Fingerprinted Data Transfer. Our accountable authority ABE scheme will rely on a more advanced abstraction – fingerprinted data transfer protocol – that was defined in [14]. A fingerprinted data transfer (FDT) (corresponding to a bias-based binary fingerprinting code) involves two parties, a sender S and a receiver R. The sender inputs two biases \(p_0,p_1\in [0,1]\), four messages \((m_0^{0},m_0^{1}),(m_1^{0},m_1^{1})\), and a bit \(c\in \{0,1\}\); At the end of the protocol, R outputs \(\{m_i^{b_i}\}\) for \(i,b_{i}\in \{0,1\}\) such that \(\Pr [b_i=1]=p_i\); while S outputs \(b_c\). The fingerprinted data transfer functionality can be expressed as:

$${\textsf {FDT}}[\bot , ((p_0,p_1),(m_0^{0},m_0^{1},m_1^{0},m_1^{1}),c)]=[(m_0^{b_0},m_1^{b_1}),b_c], \text {where }\Pr [b_i=1]=p_i.$$

The security of a fingerprinted data transfer protocol follows the standard simulation based paradigm, for details we refer to Appendix A.1.

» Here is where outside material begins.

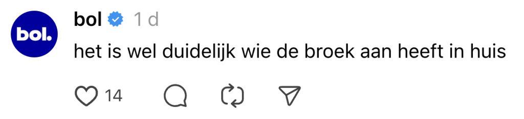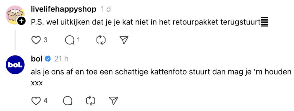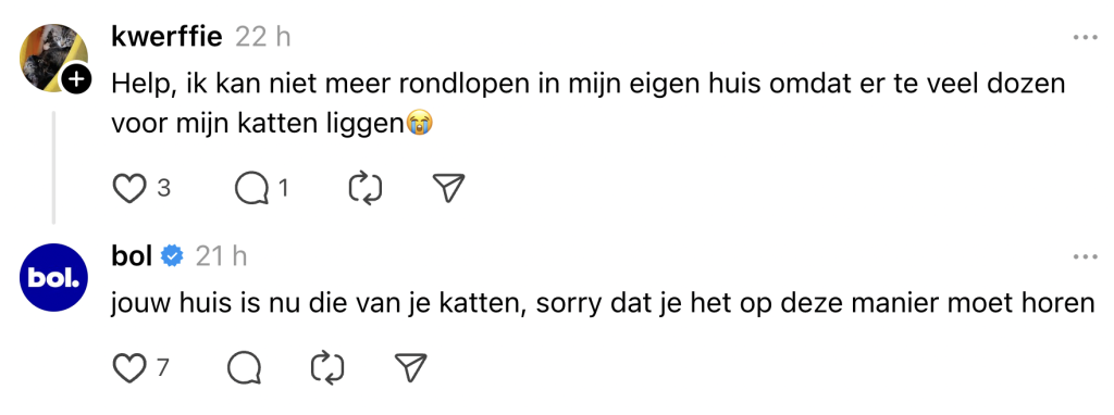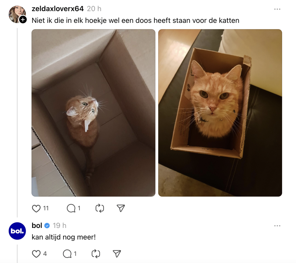 Als je een pakketje verwacht, kun je haast niet wachten tot de bezorger bij je aanbelt. Starend uit het raam en bang om naar de wc te gaan en je pakketje mis te lopen, wacht je met smart op die prachtige Dyson stofzuiger. Als het apparaat dan eindelijk zijn entree maakt in je woonkamer, heb je natuurlijk geen oog meer voor de doos waar-ie inzat. Maar in plaats van hem meteen weg te flikkeren, kun je er waarschijnlijk een huisgenoot erg blij mee maken. En bol wil dit graag nog even extra benadrukken met deze bijzondere opmerking op Threads…
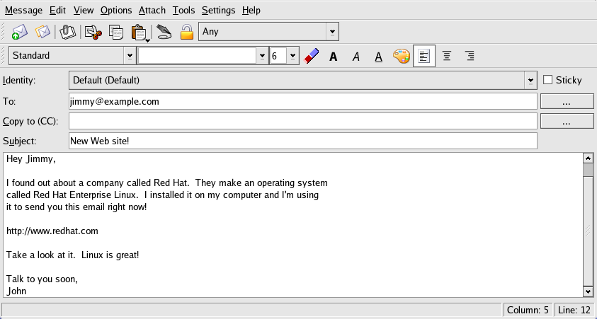 To compose a mail, click on the new message icon in the tool bar:

3 Generic Construction of Traceable Attribute Based Encryption

In this section, we will discuss our generic construction of traceable CP-ABE scheme. First we present the formal definitions.

3.1 Definition and Security Models

Traceable CP-ABE. Concretely, a traceable CP-ABE scheme consists of the following five algorithms:

• Setup\((n,\lambda )\): The setup algorithm takes as input the number of users n in the system and a security parameter \(\lambda \), outputs a master secret key msk, a potential tracing key tk and the public parameters mpk.

• KeyGen\((mpk,msk,i,S_i)\): The key generation algorithm takes as input the public parameter mpk, the master secret key msk and a set of attributes \(S_i\). It outputs a private decryption key \(sk_{i,S_i}\), which is assigned and identified by a unique index \(i\in \{1,\ldots ,n\}\).

• Enc\((mpk,m,\mathbb {A})\): The encryption algorithm takes as input the public parameters mpk, a message m and a decryption policy that is represented by an access structure \(\mathbb {A}\). It outputs a ciphertext c.

• Dec\((sk_{i,S_i},c)\): The decryption algorithm m takes as input the public parameters mpk, a private decryption key \(sk_{i,S_i}\) and a ciphertext c. It outputs a message m or \(\bot \).

• Trace\(^{\mathrm {D}_{S}}(mpk,tk,S)\) The tracing algorithm takes as input the public parameters mpk, the tracing key tk, and has black-box access to a \(\delta \)-useful pirate decoder \(\mathrm {D}_{S}\)² for a set of attributes S. It outputs an index set \(I\subseteq \{1,\ldots ,n\}\) which identifies the set of malicious users.

Security of Traceable CP-ABE. The security of traceable CP-ABE is composed of the standard semantic security and traceability. For the standard semantic security, we refer to Appendix A.2, and here we only define the strong traceability. Intuitively, the goal of the tracing algorithm to identify at least one of the colluder users, and such identified traitor’s attributes should be “critical” for the pirate decoder, (also at the same time, no innocent user should be accused). Consider the following traceability game (which could be describing either weak traceability and strong traceability):

• Setup: The challenger runs the \(\mathsf {Setup}\) algorithm to generate public parameters mpk, tracing key tk, and master secret key msk. It gives mpk to the adversary \(\mathcal {A}\) and keeps tk and msk to itself.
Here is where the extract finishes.